Kozak et al. (2006) conducted a mtDNA analysis of populations of the Eurycea bislineata species complex across the eastern US. They were able to delineate 13 major phylogenetically and geographically distinct lineages that were associated with pre-Pleistocene drainage patterns in eastern North America. Data from Kozak et al. (2006) and Jacob (1987) indicate that both E. wilderae and E. cirrigera are polyphyletic lineages, and that the recognition of additional species may be warranted in the future. The recent description of the Carolina Sandhills Salamander (E. arenicola) is the first of what will likely be several new species that are described from populations that are currently recognized as either E. wilderae or E. cirrigera. Stuart et al. (2020) provide a comprehensive review of the systematics of the Eurycea bislineata species complex.
Species Comments:
Identification
Description: Eurycea cirrigera is a small, slender plethodontid that has a ground color that varies from greenish yellow to tan or orange. Each side has a black dorsolateral stripe that extends from immediately behind the eye onto the tail. The stripe typically continues for at least half the length of the tail, and frequently almost to the tip, before breaking up into a series of spots. The dorsum usually contains numerous, scattered black spots or blotches and the venter is yellowish. The sides of the body below the stripes have varying degrees of scattered black spots or blotches, and there is often a series of lighter spots immediately below the stripe that extend from near the front legs onto the tail. The elongated tail is laterally compressed and constitutes about 55-60% of the total length (Sever 1999a). Average adult size is similar between the sexes, and local populations often vary substantially in average size. The average SVL of adults in local populations varies from around 34-40 mm, and there are 14 costal grooves between the limbs (Sever 1999a).

Sexually-active males in many populations, including those in North Carolina, develop elongated cirri, swollen, fan-shaped mental glands, and elongated, unicuspid, premaxillary teeth. The teeth often pierce the male's lip and are used to abrade the female's skin and introduce mental gland secretions into the female's circulatory system during courtship.
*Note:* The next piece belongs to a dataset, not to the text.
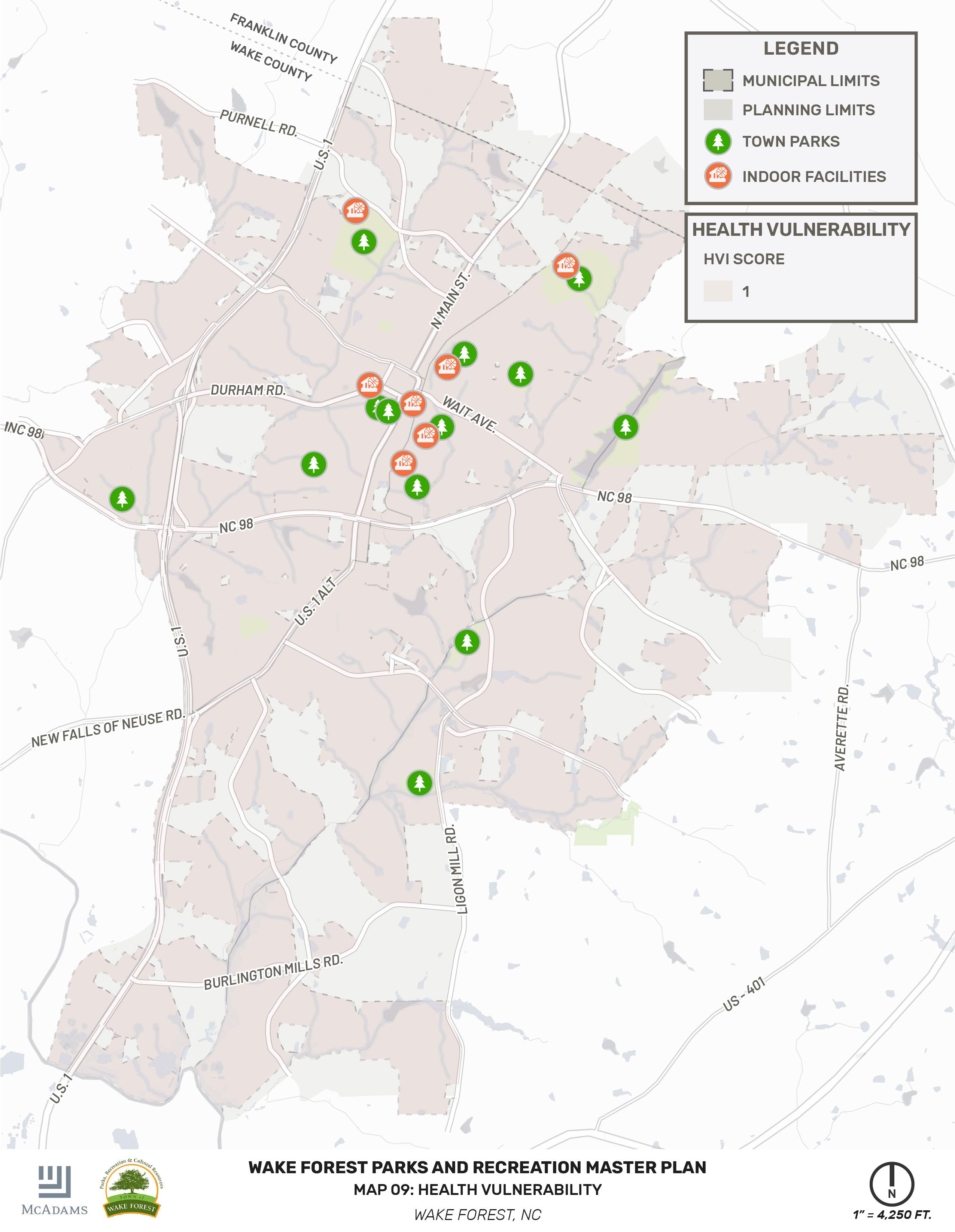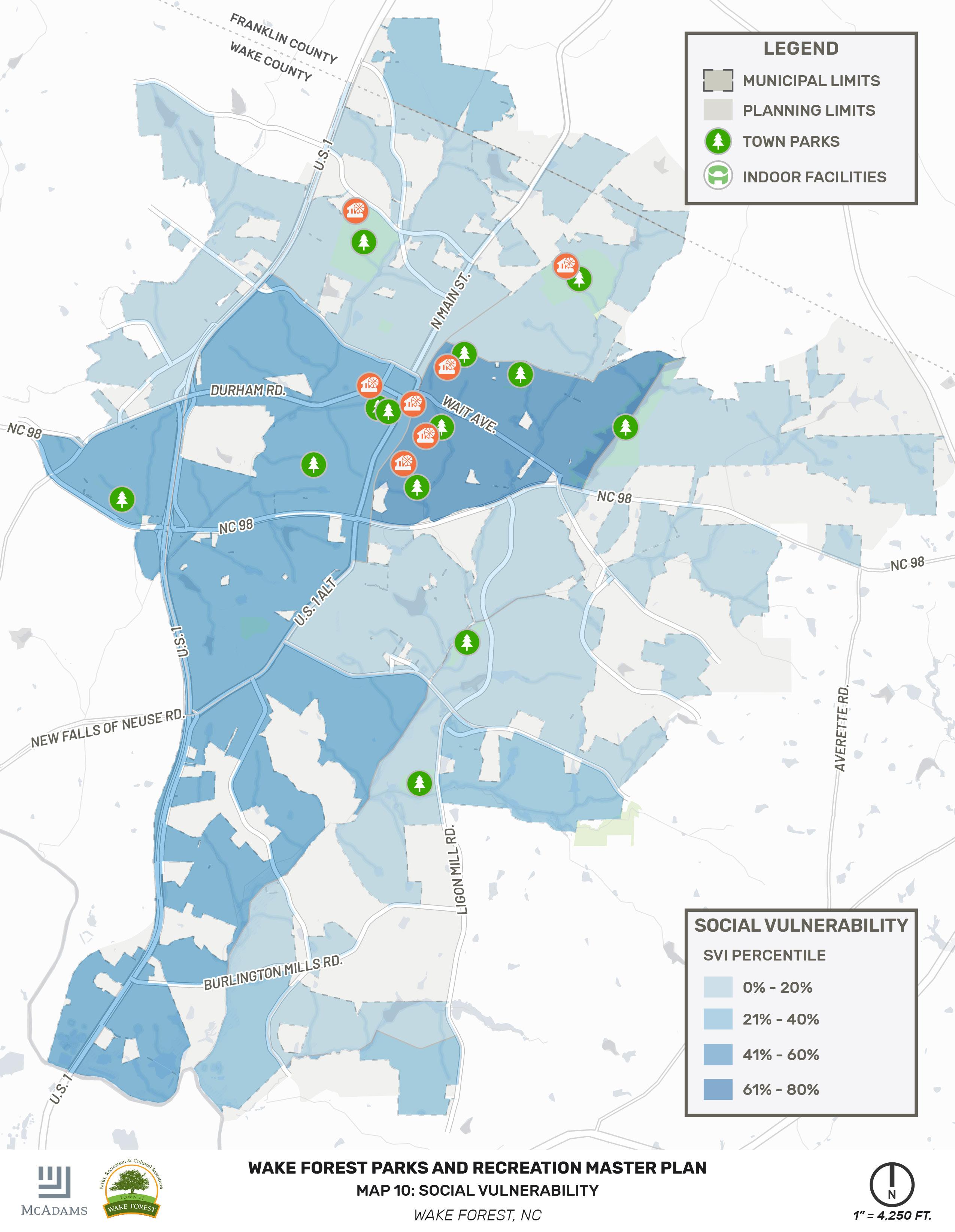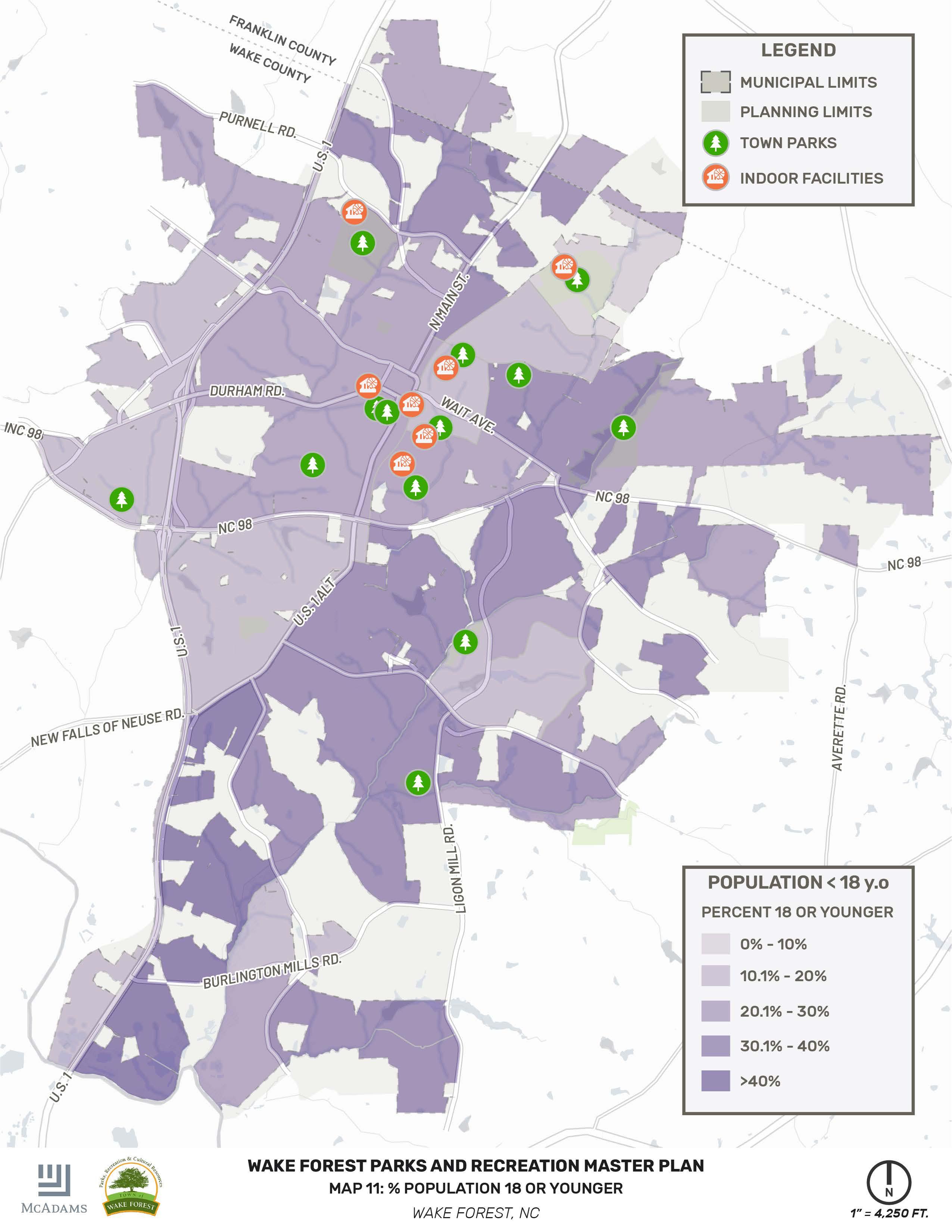 Wake Forest’s population has increased by 725% between 1990-2020 (Wake Forest Community Plan, 2023) and shows continued growth at 150% for the next two decades. Demographic composition will continue to get diverse, along with a higher percentage of the population with higher median income. These shifts are bringing in new recreation needs, an increased commitment to the protection of natural resources, and a focus on equitable access and inclusion.
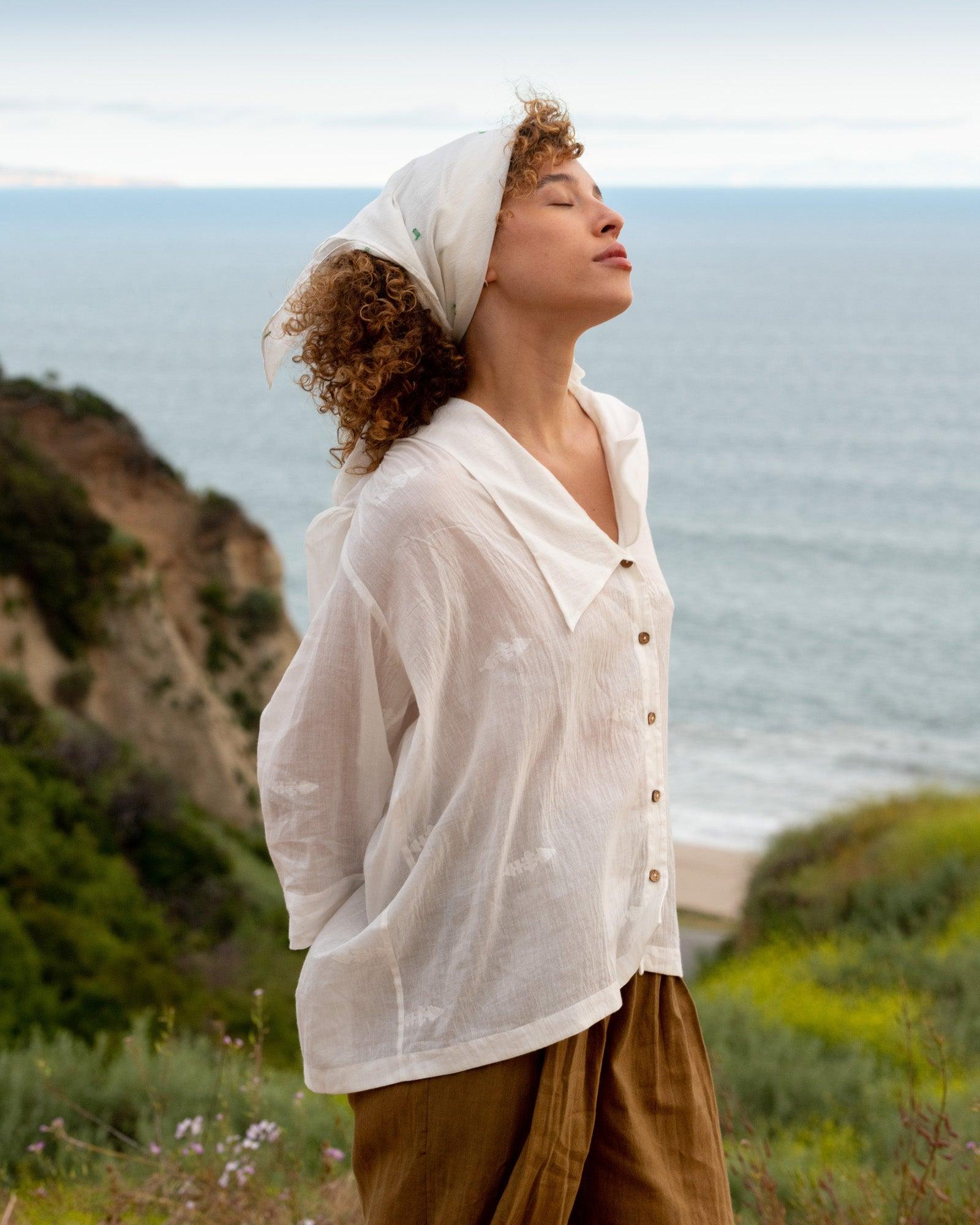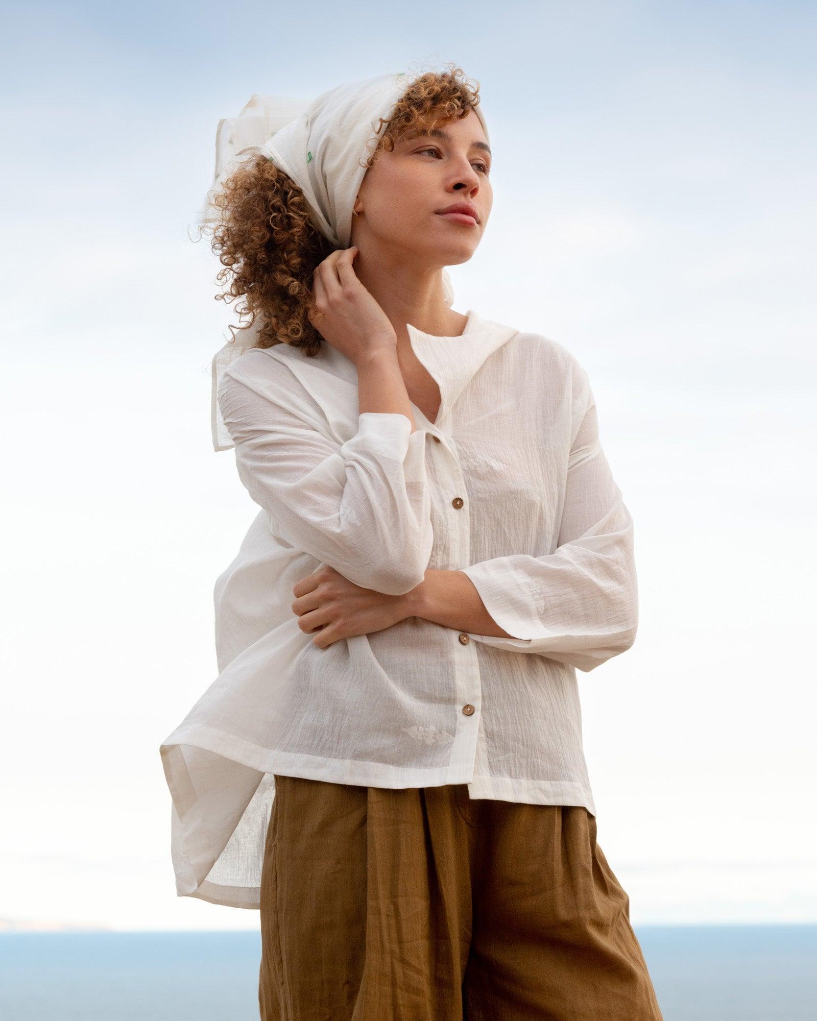 Made from soft handwoven cotton in a crisp white color, this shirt has a relaxed fit. Vintage design details like oversized chelsea collar, soft gathers around the shoulder make it a must-have for an everyday casual look. Simply pair the shirt with your favorite jeans or shorts for all-day ease. Style with Relaxed Cotton Pants

The cirri and mental glands are less evident during other times of the year, and the teeth are shed after breeding and replaced with smaller, bicuspid teeth. Males in certain populations in Ohio, Kentucky, and West Virginia lack cirri but develop an enlarged temporal musculature during the breeding season (Brophy and Pauley 2002). At lower elevation sites along the Blue Ridge Escarpment where E. cirrigera and E. wilderae meet, both species have 14 costal grooves and the adults of these two species are largely indistinguishable. The extent to which the black stripes extend onto the tail varies markedly in both species, and it is not a diagnostic trait (Sever 1999a). However, the general tendency for the stripe to continue farther towards the tail tip in E. cirrigera works as a general rule.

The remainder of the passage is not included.